When further expansion was needed, the properties in King Edward's Street were demolished and the most imposing part of the new county hall complex, a building clad in Portland Stone on the corner of Duke Street and Threadneedle Street known as Block C, designed by J. Stuart, was built between 1929 and 1939. The design featured a main entrance at the south east corner of the building; there was a doorway on the ground floor flanked by Doric order columns supporting an entablature with a pediment above; there was a round headed window on the first floor flanked by Corinthian order columns and there were smaller windows on the floors above. A geometric pattern was carved into the stonework above the doorway; this subsequently led to controversy as the carving was capable of being interpreted as a line of swastikas.

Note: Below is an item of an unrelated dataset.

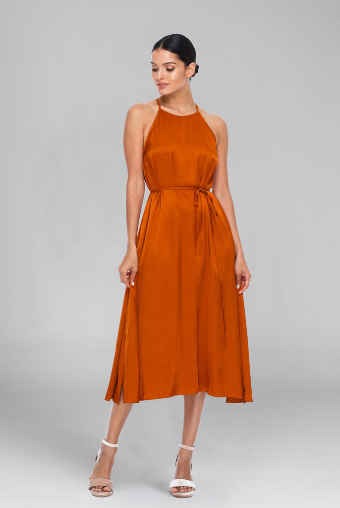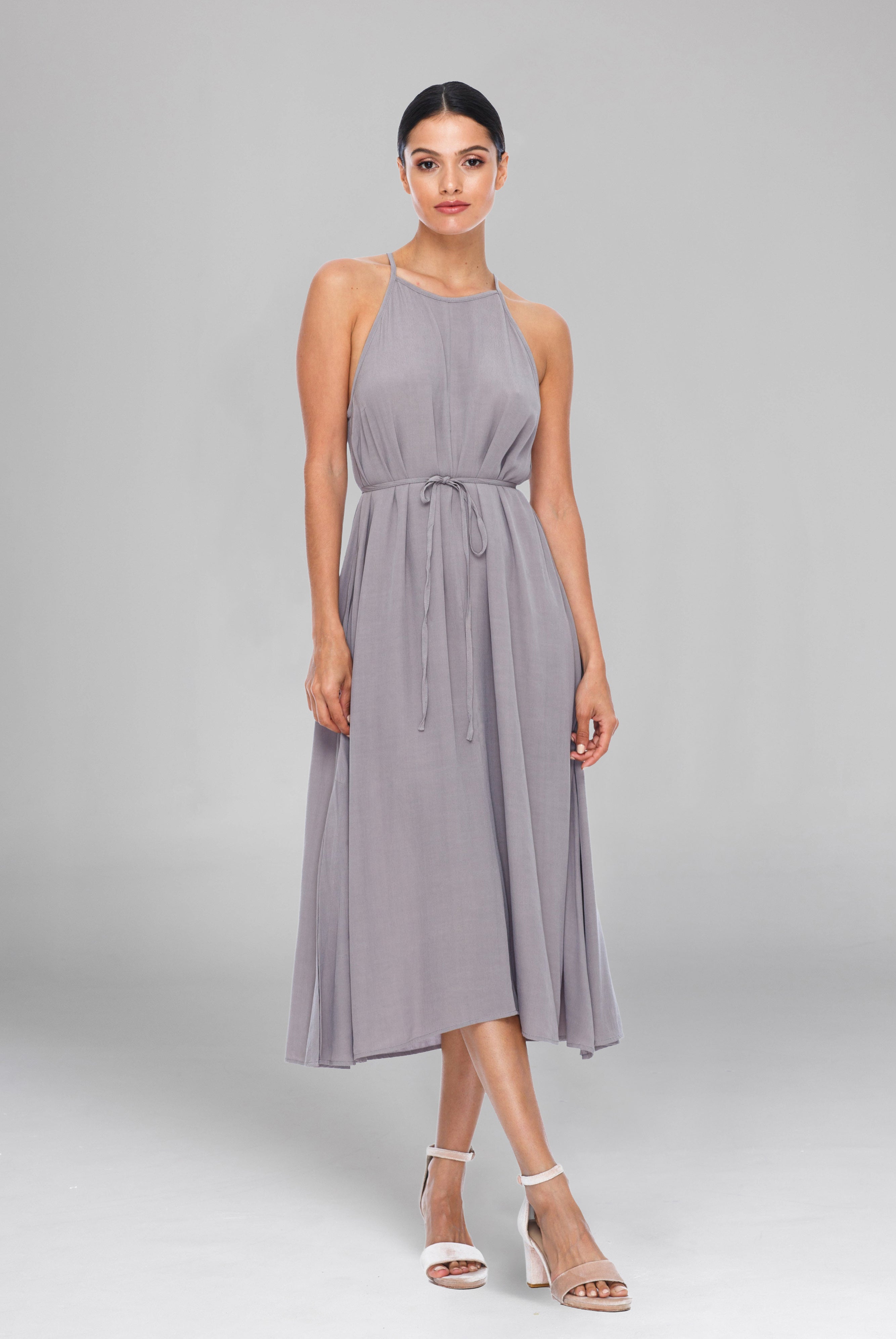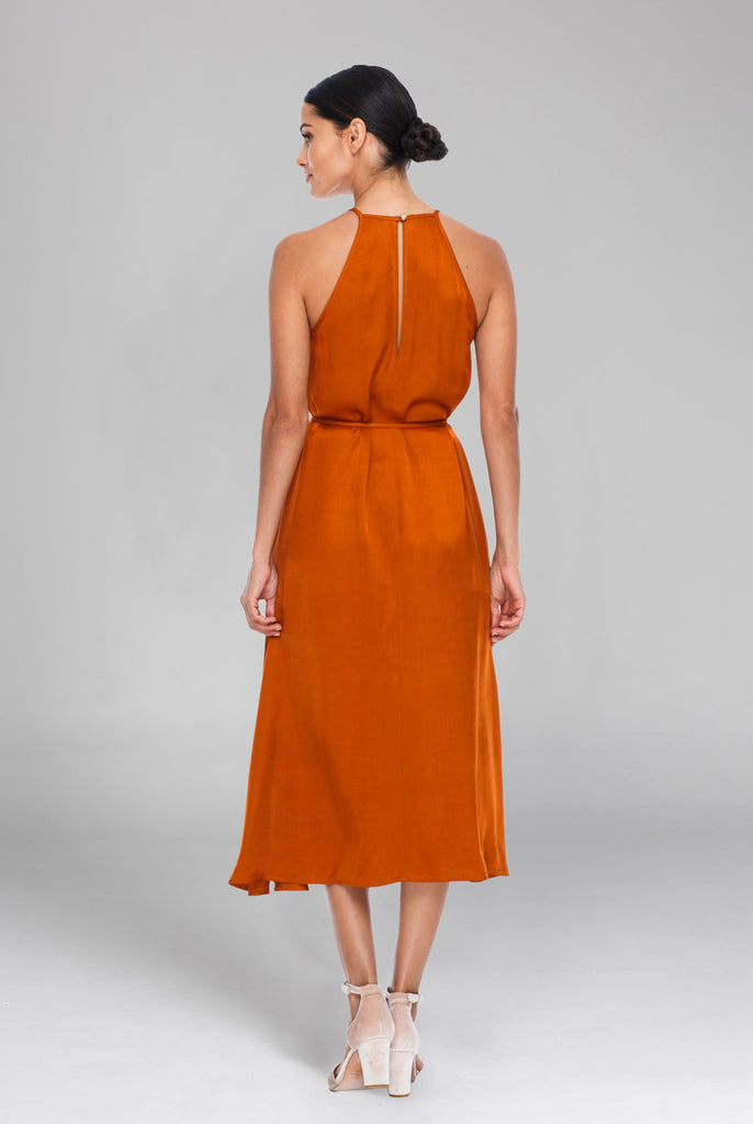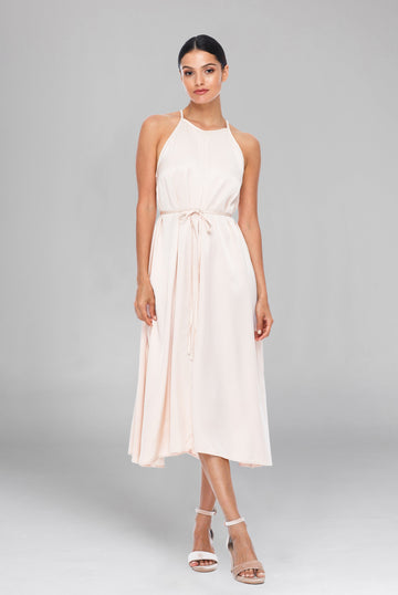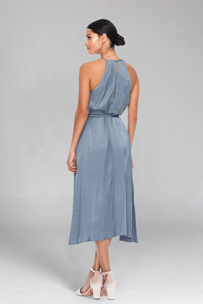 With a high halter style neckline, the Haven Dress has a classic look, elegantly baring the shoulders. The relaxed flowing skirt completes the flattering silhouette.

Internally, the principal rooms were the council chamber, the committee room and the council chairman's room which were all fitted out at the expense of the businessman and philanthropist, Sir William Courtauld.

A modern 3-storey building in the heart of the complex, known as Block B, followed after the Second World War and a modern 9-storey building on Victoria Road South, known as Block A, which was designed by H. Connolly, was built between 1959 and 1965.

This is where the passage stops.